La vulnérabilité Argo CD laisse fuir des informations sensibles des applications Kubernetes

octopus

Une vulnérabilité dans Argo CD, utilisée par des milliers d’organisations pour déployer des applications sur Kubernetes, peut être exploitée dans des attaques pour divulguer des informations sensibles telles que des mots de passe et des clés API.

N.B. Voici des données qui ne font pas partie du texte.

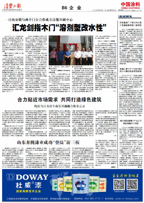 一日內(nèi)分別與兩個門企合作成立涂裝科研中心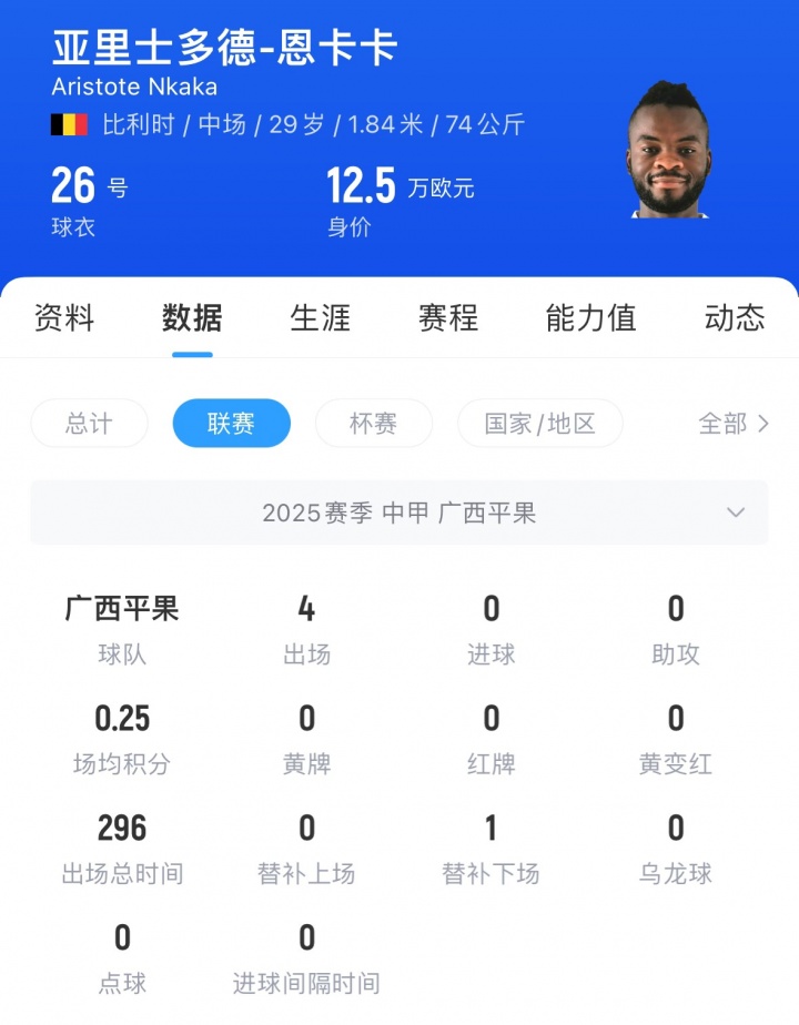 2025年4月13日下昼,2025华润饮料中国足球甲级联赛第4轮,广西平果国晶客场对阵深圳后生东谈主。比赛进行到第22分钟时,尼卡卡回追突围并在与敌手拼抢经由中倒地,立时因伤无法坚合手比赛,被动替换下场。后经医疗组检察和病院会诊阐明,尼卡卡左脚跟腱断裂,将缺席本赛季剩余统统比赛。

Suivie sous le nom de CVE-2022-24348, la faille de traversée de chemin a été découverte par l’équipe de recherche en sécurité d’Apiiro et peut entraîner une escalade des privilèges, la divulgation d’informations et des attaques par mouvement latéral.

Les auteurs de menaces peuvent exploiter la vulnérabilité en chargeant un fichier YAML Kubernetes Helm Chart malveillant sur le système cible, permettant l’extraction d’informations sensibles à partir d’autres applications.

Le diagramme ci-dessous montre comment un flux d’attaque utilisant CVE-2022-24348 fonctionnerait.

Flux d’attaque à l’aide de fichiers de valeurs Helm
Source : Apiiro

La condition préalable à une attaque réussie est d’avoir l’autorisation de créer ou de mettre à jour des applications et de connaître ou de deviner le chemin complet vers un fichier contenant du YAML valide.

Le respect de ces exigences ouvre la voie à la création d’un graphique Helm malveillant pour consommer YAML en tant que fichiers de valeurs, accédant éventuellement à des données normalement inaccessibles.

Impact et remédiation

Argo CD est utilisé par des milliers d’organisations dans le monde, la découverte de la vulnérabilité est donc importante et nécessite une attention immédiate de la part des développeurs et des administrateurs.

Les développeurs d’Argo CD envisagé la possibilité d’un acteur malveillant utilisant des fichiers de valeur Helm en dehors du dossier du graphique et a tenté de résoudre le problème avec un nouveau mécanisme de vérification introduit dans la version 1.3.0, publiée en 2019.

Cependant, comme l’a découvert Apiiro maintenant, il existe un moyen de contourner les vérifications anti-traversement de chemin si les fichiers de valeur répertoriés sont conçus pour ressembler à un URI.

L’analyseur spécial traite le chemin du fichier local comme un URI, suppose qu’il a reçu une requête HTTP et l’accepte sans tests de validité supplémentaires.

« Parce que le reposerver utilise une structure de fichier monolithique et déterministe, toutes les autres applications hors limites ont un format et un chemin définis et prévisibles, » – explique Apiiro

« Un attaquant peut assembler un appel direct concaténé à un fichier values.yaml spécifié, qui est utilisé par de nombreuses applications comme vassal pour les valeurs secrètes et sensibles. »

L’impact de ceci est la divulgation du contenu des fichiers sur le même référentiel et l’abus du contenu pour effectuer des actions malveillantes supplémentaires.

L’équipe Apiiro a signalé le problème au fournisseur le 30 janvier 2022 et a reçu une réponse presque immédiate.

Argo CD a publié aujourd’hui une mise à jour de sécurité contenant le correctif pour CVE-2022-24348, avec version 2.3.0-rc4. Il est recommandé à tout le monde de le mettre à niveau car il n’y a pas de solution de contournement.

Pour plus de détails du côté du fournisseur, consultez cet avis de sécurité publié par l’équipe Argo CD sur GitHub.